A day off (and some British stuff) part two

I typed most of this last night but thought, meh, it can wait til morning.

It having occurred to me that I have two days off in a row, I decided to do little to nothing else for the rest of the day. I can do things tomorrow. I had some bread and butter, took a long nap, read The Crystal Cave by Mary Stewart the rest of afternoon, cooked a frozen pizza, and have been binging on the latest few episodes of Richard Osman's House of Games

I read The Crystal Cave because I had been listening to it, but that takes 15 hours and I just don't have that in a few good long stretches anymore.

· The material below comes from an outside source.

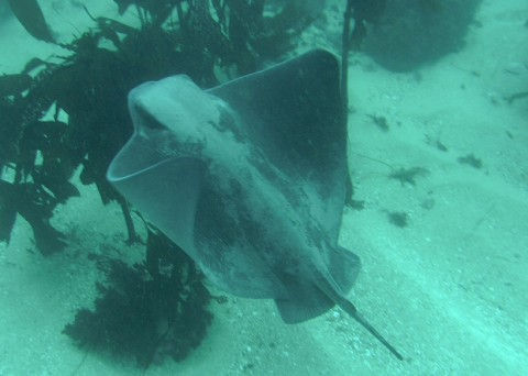 Bat ray (Myliobatis california) at Point Lobos, California.
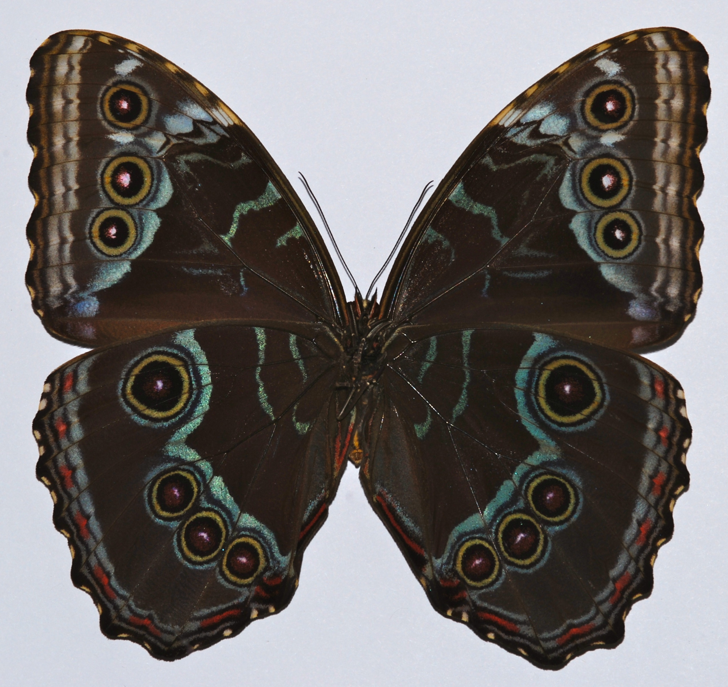 Otanche, Boyaca, COLOMBIA

I was about 20% along with the audio and it's due tomorrow, so I found the complete Legacy: Arthurian Saga to read, instead, and I have it for 14 days. I did always mean to read these books, so now is the time. This first one was fairly enjoyable, probably largely because I was in exactly the right mood for its style of narration and granular detail, which is not always the case, especially with a) fantasy and b) Middle Ages. It's the story of Merlin, Arthur, and how that all came about, told from Merlin's point of view throughout his life. It is not a story for people who prefer a contemporary style of story-telling, or who write for Kirkus Reviews. I'm going to read the second one, The Hollow Hills, then decide whether to go on with the others, because the rest of the story might not interest me as much once it's more about Arthur than Merlin.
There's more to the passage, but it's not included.